*** COLLECTED MATERIAL ***
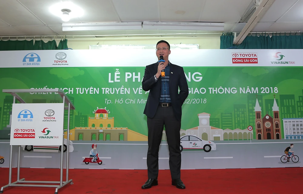 Ông Uông Việt Dũng - Phó Chánh VP Ủy ban ATGTQG phát biểu trong chiến dịch tuyên truyền về ATGT năm 2018 do TMV phát động
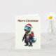 Cartão Dinossauro de Natal Azul
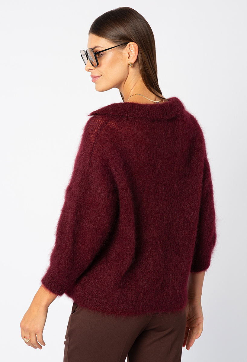 Mohairowy sweter w kolorze czerwonego wina z kołnierzykiem
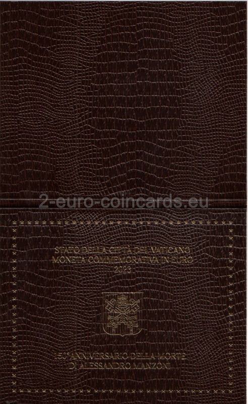 Na minci, ktorú navrhla výtvarníčka Gabriella Titotto, je v strede zobrazená spisovateľova tvár a pod ňou jeho podpis a letpočty 1873-2023; vpravo za kalamárom a brkom je incipit slávneho historického románu "I Promessi Sposi" (Zasnúbení). Vľavo je vavrínová ratolesť, ktorá svedčí o nesmrteľnej sláve veľkého spisovateľa a nad ňou je značka mincovne (písmeno „R“). Názov vydávajúceho štátu „CITTA' DEL VATICANO“ je napísaný pozdĺž okraja disku. Vpravo sú vyryté mená autorky vzoru Gabriella Titoto "G.TITOTO" a rytca Marta Bonifacio l"MB INC."
*** End of COLLECTED MATERIAL ***
YOUR GOAL: Copy all the lines of data exactly as they appear, dropping any images.

RESPONSE AREA:
 Ông Uông Việt Dũng - Phó Chánh VP Ủy ban ATGTQG phát biểu trong chiến dịch tuyên truyền về ATGT năm 2018 do TMV phát động
 Cartão Dinossauro de Natal Azul
 Mohairowy sweter w kolorze czerwonego wina z kołnierzykiem
 Na minci, ktorú navrhla výtvarníčka Gabriella Titotto, je v strede zobrazená spisovateľova tvár a pod ňou jeho podpis a letpočty 1873-2023; vpravo za kalamárom a brkom je incipit slávneho historického románu "I Promessi Sposi" (Zasnúbení). Vľavo je vavrínová ratolesť, ktorá svedčí o nesmrteľnej sláve veľkého spisovateľa a nad ňou je značka mincovne (písmeno „R“). Názov vydávajúceho štátu „CITTA' DEL VATICANO“ je napísaný pozdĺž okraja disku. Vpravo sú vyryté mená autorky vzoru Gabriella Titoto "G.TITOTO" a rytca Marta Bonifacio l"MB INC."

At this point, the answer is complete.